From the car park, you can get the free bus shuttle to the island, or it’s about a 30 minute walk. (Be warned, there can be long queues for the bus at the peak times of the day.)
BY PUBLIC TRANSPORT: If you’re coming from Paris to Mont St Michel by public transport, the best option is to catch the train to Rennes and then get the bus from the Rennes train station to Mont St Michel town.
There are quite a few TGV trains each day between Paris Montparnasse and Rennes, that can be as fast as 90 minutes. There are four buses from Rennes each day, that are timed to meet particular TGV trains. You can see the schedule here.
The bus will drop you at the Mont Saint Michel car park and from there you can catch the free bus shuttle to the island, or it’s about a 30 minute walk.
When you’re coming back to catch the bus for your return from Mont Saint Michel to Paris, leave yourself enough time to wait in the queue for the shuttle bus (or be prepared to walk, to guarantee how long it will take).
When is Mont Saint Michel open?
The general area around Mont Saint Michel is open all the time, in the same way that any town or natural bay would be. So, early in the morning or after dark, you can wander around and explore the region.
In fact, seeing as many tourists come just for a day trip, I think morning is the best time to see the streets of the island town.
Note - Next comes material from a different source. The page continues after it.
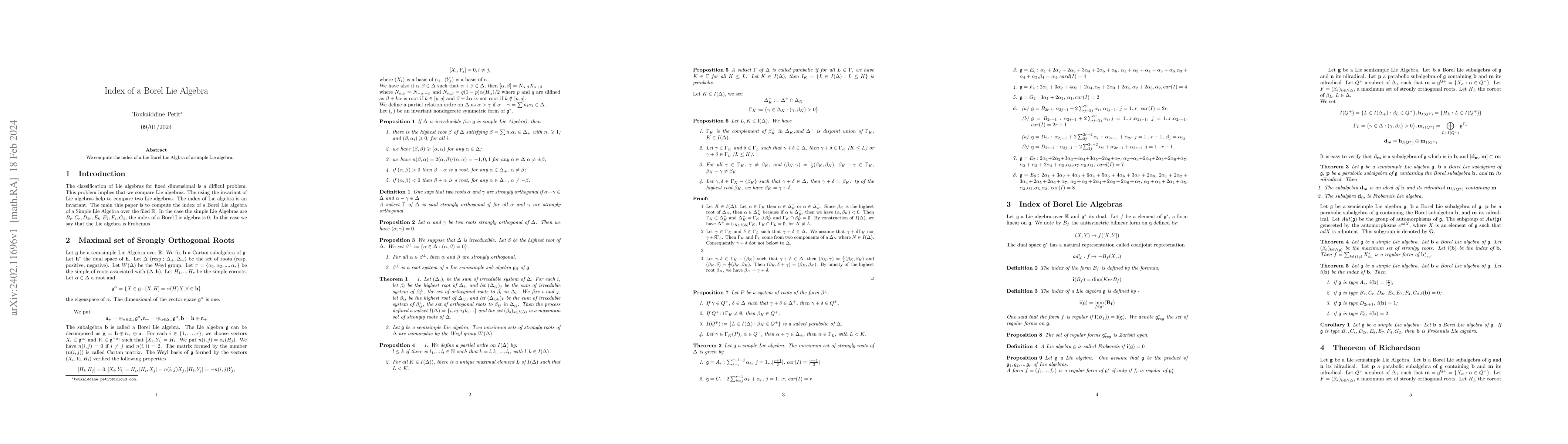 Summary: This paper calculates the index of a Lie Borel Lie algebra associated with a simple Lie algebra, providing insights into its structural properties. The findings contribute to the broader understanding of the algebraic topology of Lie algebras.

And sunrise and sunset are the most beautiful times of the day to get views of the island with the bay and surrounding natural areas.
The highlight of Mont Saint Michel – the abbey – does have opening times, though.
From 2 January to 30 April, it’s open every day from 09:30 – 18:00.
From 2 May to 31 August, it’s open every day from 09:00 – 19:00.
From 1 September to 31 December, it’s open every day from 09:30 – 18:00.
How much does it cost to visit Mont Saint Michel?
It is free to visit the general Mont Saint Michel area, including the town on the island. The shuttle bus that runs between the main parking lot and the island is also free.
But there is a cost to visit the Mont Saint Michel Abbey. Admission to the abbey is €10 for adults and €8 for concession.
Where to stay at Mont St Michel
When it comes to accommodation at Mont St Michel, there are three locations to consider. Do you want to stay on the island itself, in the mainland town, or in a different nearby town?
The benefit of the island is that you are staying in the heart of the site, surrounded by the history, with a unique experience. However, the accommodation here is expensive and many of the rooms are actually quite small because of the limited space. Still, the best hotels in Mont Saint Michel island are Auberge Saint Pierre, or Les Terrasses Poulard, or La Vieille Auberge.
Just a little but further away is the town of Beauvoir, where you can still easily access Mont Saint Michel but you’ll get much cheaper prices for accommodation. If you don’t mind a 20 minute walk to the bus station, I would recommend Le Beauvoir.